-- SUPPLIED MATERIAL --
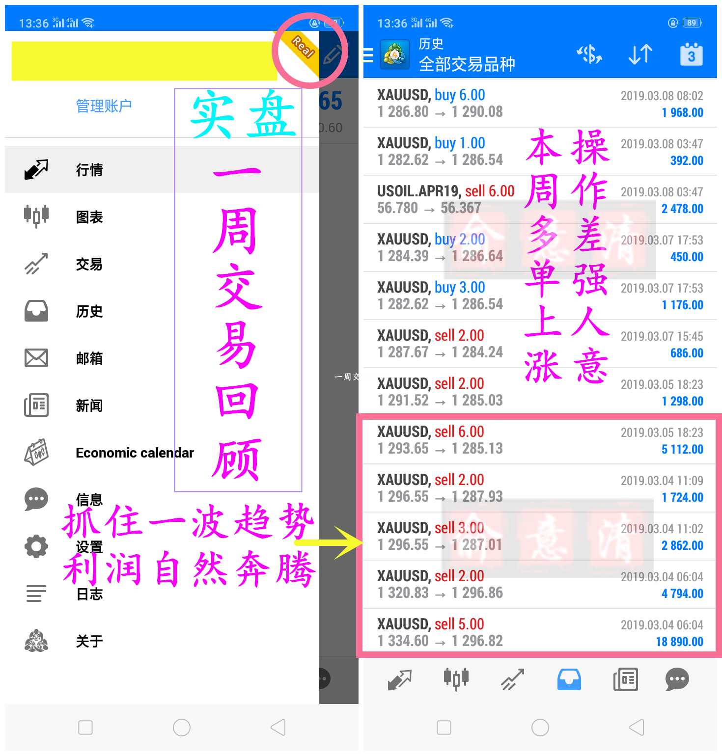 俞意清:3.10黄金多头崛起在即,空单持仓如何自处 爱过,又失去爱,胜于未爱过。市场不会让人害怕,害怕的是不少人入场之后等待那种未知的时候,就像亏损并不可怕,丧失交易的热情才是最可怕的。俞意清 违心(yyq346) 我是俞意清,这个市场想要盈利说简单也简单,难也特别难,用心可以了找到一个可靠的老师,受益终生。 1、一周交易回顾,黄金周盈利 这一周下来做出如下统计,交易13单,获利44580美金,其中最大的盈利在于空单波段的完美布局,后面的即一天虽然利润也不少,但是没有抓住最大的头也是一个问题所在。意清做单严谨细致,只有最严谨的分析,考虑到承担的风险再去谈利润,有些单子风险太大所以并
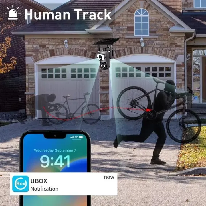 SNOSECURE 6MP Battery Powered Dual Lens 3K 6W CCTV Solar Security Camera System IP Outdoor Wireless 4G CMOS Sensor Pir Ptz Features
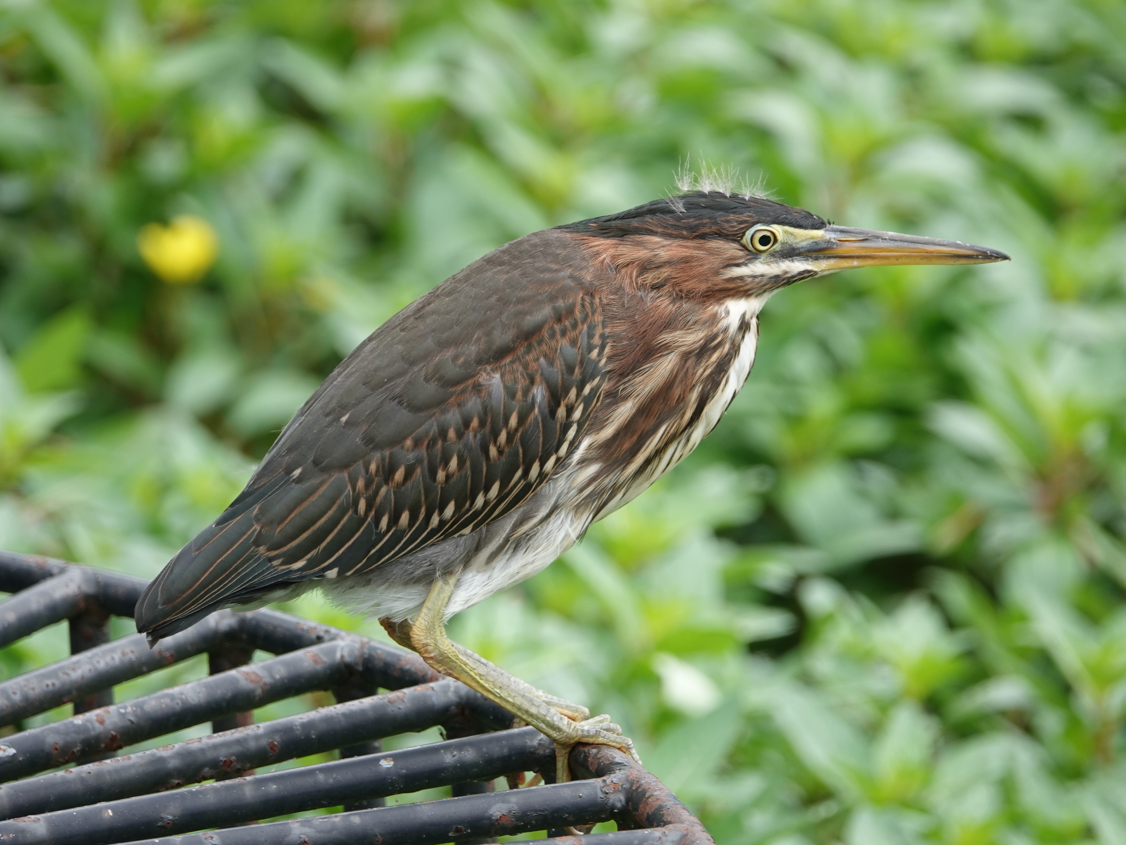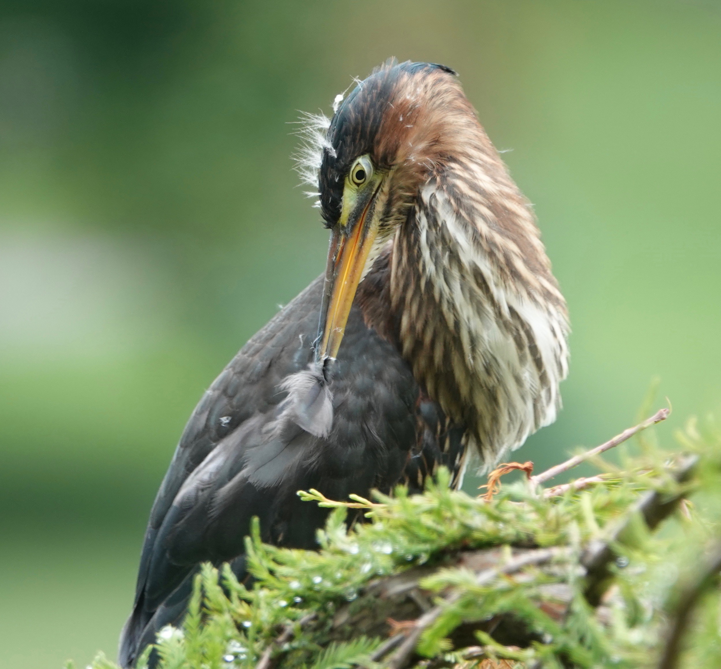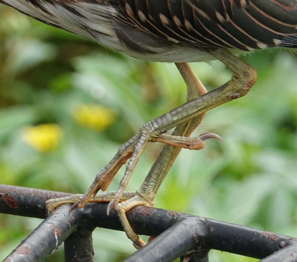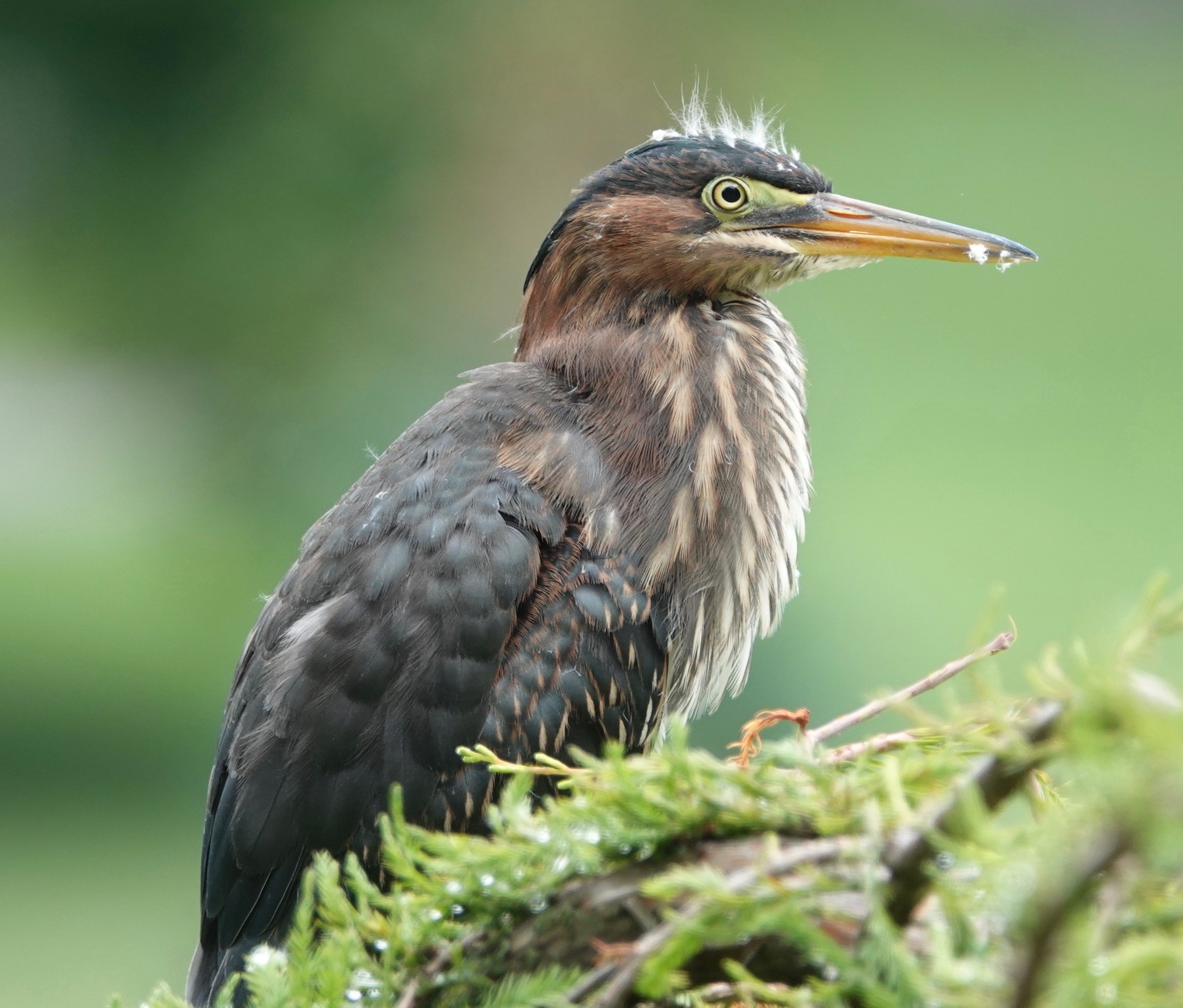 Nine days between sighting a trio of Green Heron fledglings in Green-Wood Cemetery and then re-seeing of all three of them together again. In between, there were a few days of seeing two of the fledglings at the same time. A fraught time that was! Did one not make it? But they’re still a triumvirate, and still a bit fuzzy on the head. Both of the adults have also been seen from time to time in the interim.

-- AIM OF THE EXERCISE --
Only the pictures are to be left out; repeat all other material exactly.

-- EXERCISE OUTPUT --
 俞意清:3.10黄金多头崛起在即,空单持仓如何自处 爱过,又失去爱,胜于未爱过。市场不会让人害怕,害怕的是不少人入场之后等待那种未知的时候,就像亏损并不可怕,丧失交易的热情才是最可怕的。俞意清 违心(yyq346) 我是俞意清,这个市场想要盈利说简单也简单,难也特别难,用心可以了找到一个可靠的老师,受益终生。 1、一周交易回顾,黄金周盈利 这一周下来做出如下统计,交易13单,获利44580美金,其中最大的盈利在于空单波段的完美布局,后面的即一天虽然利润也不少,但是没有抓住最大的头也是一个问题所在。意清做单严谨细致,只有最严谨的分析,考虑到承担的风险再去谈利润,有些单子风险太大所以并
 SNOSECURE 6MP Battery Powered Dual Lens 3K 6W CCTV Solar Security Camera System IP Outdoor Wireless 4G CMOS Sensor Pir Ptz Features
 Nine days between sighting a trio of Green Heron fledglings in Green-Wood Cemetery and then re-seeing of all three of them together again. In between, there were a few days of seeing two of the fledglings at the same time. A fraught time that was! Did one not make it? But they’re still a triumvirate, and still a bit fuzzy on the head. Both of the adults have also been seen from time to time in the interim.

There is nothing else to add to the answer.